■ Task instructions ■
For this exercise, restate every line below word for word and drop the images.

====== Dataset excerpt ======

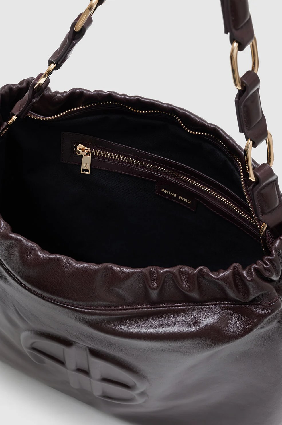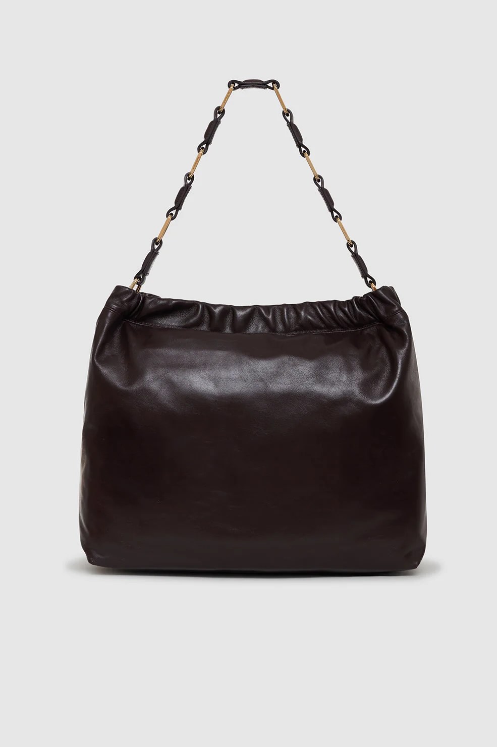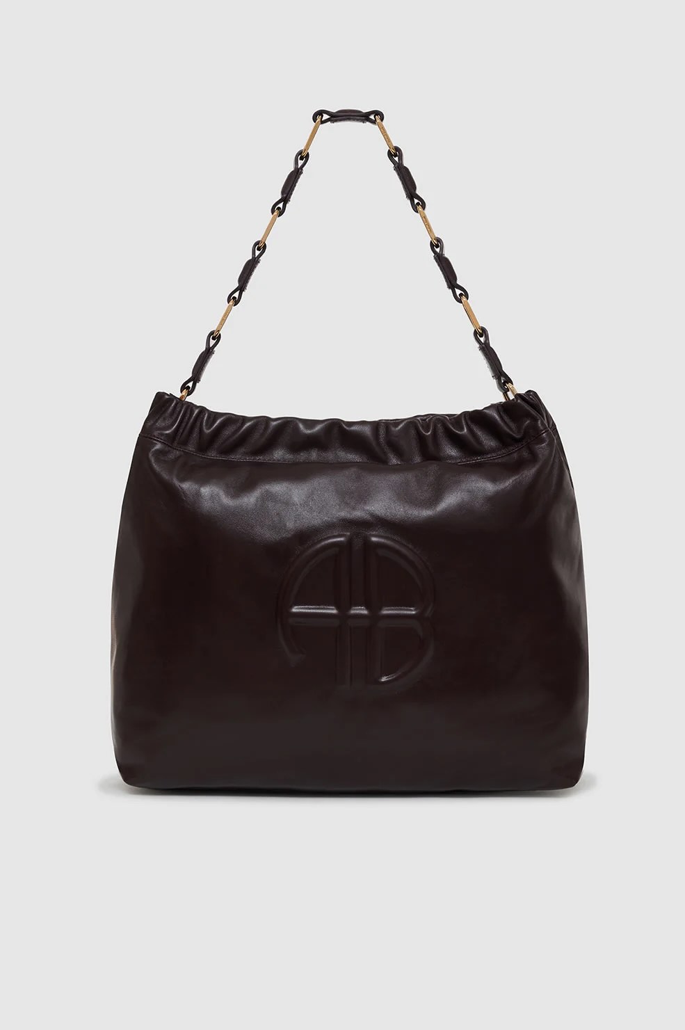 BOLSO ANINE BING   Inspirado en el icónico bolso Kate Tote, el bolso de hombro Kate está confeccionado en suave piel de cordero 100 % en negro con un ligero brillo. Esta icónica silueta luce una correa de eslabones entrelazados con detalles dorados. Su nostálgica construcción incluye una abertura elástica fruncida y un cierre de cremallera superior que revela un interior de sarga de algodón completamente forrado con un bolsillo deslizante y otro con cremallera. Luce un monograma ANINE BING grabado en relieve en la parte delantera.  Medidas del producto: Alto: 24 cm, Ancho: 42 cm     100% piel de cordero
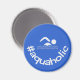 A single pictogram swimmer and the caption #aquaholic make this a fun magnet for anyone who loves swimming and other water sports. In a light silvery gray on a bright blue background. Circle or square options available.
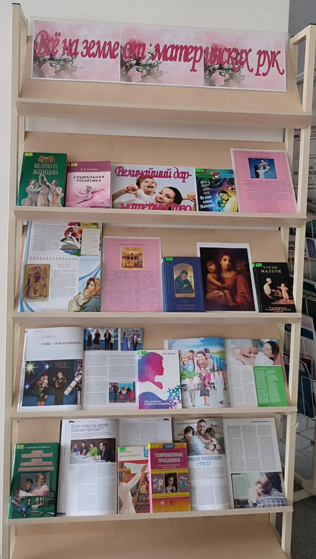 В Беларуси День матери празднуется 14 октября и совпадает с большим православным праздником – Покровом Пресвятой Богородицы. Ко Дню матери в читальном зале библиотеки (учебный корпус № 3, ул. Пушкина, 4, ауд. 3332) оформлена книжно-иллюстративная выставка «Все на земле от материнских рук». На выставке представлены разнообразные и увлекательные издания, посвященные этому светлому празднику. В судьбе каждого человека все самое доброе и святое связано с именем матери. Ее любовь и нежность рождает в нас желание умножать свое чувство доброты, дарить его людям и тем самым менять жизнь к лучшему.

======

■ Exercise output ■
 BOLSO ANINE BING   Inspirado en el icónico bolso Kate Tote, el bolso de hombro Kate está confeccionado en suave piel de cordero 100 % en negro con un ligero brillo. Esta icónica silueta luce una correa de eslabones entrelazados con detalles dorados. Su nostálgica construcción incluye una abertura elástica fruncida y un cierre de cremallera superior que revela un interior de sarga de algodón completamente forrado con un bolsillo deslizante y otro con cremallera. Luce un monograma ANINE BING grabado en relieve en la parte delantera.  Medidas del producto: Alto: 24 cm, Ancho: 42 cm     100% piel de cordero
 A single pictogram swimmer and the caption #aquaholic make this a fun magnet for anyone who loves swimming and other water sports. In a light silvery gray on a bright blue background. Circle or square options available.
 В Беларуси День матери празднуется 14 октября и совпадает с большим православным праздником – Покровом Пресвятой Богородицы. Ко Дню матери в читальном зале библиотеки (учебный корпус № 3, ул. Пушкина, 4, ауд. 3332) оформлена книжно-иллюстративная выставка «Все на земле от материнских рук». На выставке представлены разнообразные и увлекательные издания, посвященные этому светлому празднику. В судьбе каждого человека все самое доброе и святое связано с именем матери. Ее любовь и нежность рождает в нас желание умножать свое чувство доброты, дарить его людям и тем самым менять жизнь к лучшему.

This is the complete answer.